By the same token, many foods have good bacteria, which is why Ecolab approached us. We successively demonstrated this engineered pyocin’s effectiveness as an antimicrobial agent on beef surfaces in the lab. We hope to test it in a plant this year.
FE: How receptive is industry to this intervention?
Knighton: We have visited producers such as Tyson and Dole. They are focused on the added cost. We also have talked with firms such as Costco and McDonald’s. Their view of acceptable cost is a different cat altogether, and the reaction was very positive. We also have talked with some food advocacy groups, who are dead set against the use of phage or irradiation.
FE: Since 2006, FDA has given GRAS status to several phage cocktails that attack particular food pathogens. Why is development of an alternative antimicrobial needed?
Knighton: This isn’t about science, it’s about commerce, and the two don’t always go together. In industry jargon, the phrase “Mom won’t buy it” is applied to phage. Market research says phage won’t pass muster with consumers. “Mom doesn’t like blowing DNA on bologna.” Companies may not have to declare the use of phage as an antimicrobial, but all it takes is one food advocacy group to flag its use, and you’re dead. Phage will not affect humans, so you may win the battle, but you’ve already lost the war.
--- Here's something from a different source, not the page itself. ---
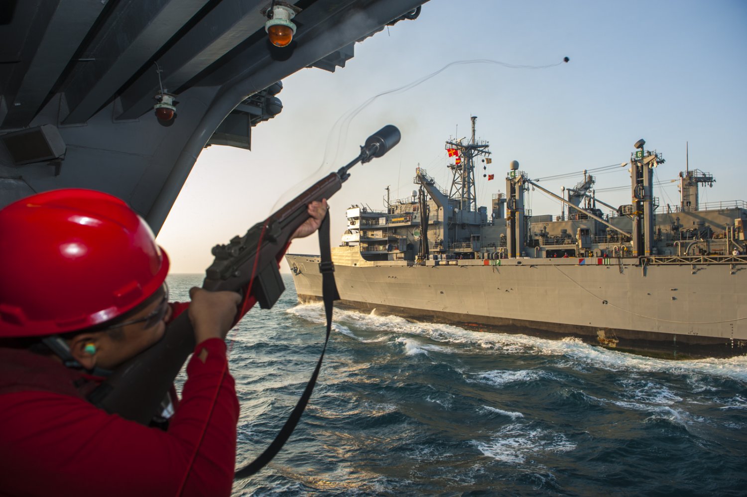 Aviation Ordnanceman Airman Jon Reolizo fires a shot line from an M14 aboard the Nimitz-class aircraft carrier USS Carl Vinson (CVN-70) during a replenishment-at-sea with USNS Rainier (T-AOE-7). Carl Vinson is deployed to the area supporting maritime security operations, strike operations in Iraq and Syria as directed, and theater security cooperation efforts in the 5th Fleet Area of responsibility. |

FE: Biodefense is another application you’re exploring. How does the technology serve those objectives?
Knighton: Yersinia pestis is the bacterium linked to the spread of bubonic plague. If Y-pestis was weaponized in an aerosol form, it would be harder to treat with antibiotics than the plague. We received a second small business innovation grant last year to develop R-type pyocins to kill Y-pestis.
A group from New Zealand visited us. They thought there was an application in fighting greenhouse gases (GHG) generated by livestock, which account for approximately 18 percent of all GHG. Methanogen bacteria create livestock’s methane. If we could develop a bactericidal protein that only killed 20 percent of methanogens without disturbing other bacteria in the gut, the New Zealanders think we’d have a winner.
FE: How large is the Avid Biotics staff?
Knighton: Seven people as I speak, and we’re in the process of hiring our eighth person. Our head of research is a phage biologist, incidentally.
The company was founded with a core group of three: Jeffery Miller, a professor of microbiology, immunology and molecular genetics at UCLA who has gone back to the lab; Dave Martin, a world class scientist and a former R&D executive at Genentech and DuPont Merck; and me. I had been retired for a couple of months when Dave, who saw great potential in the technology, called me and said, “Let’s start a company.”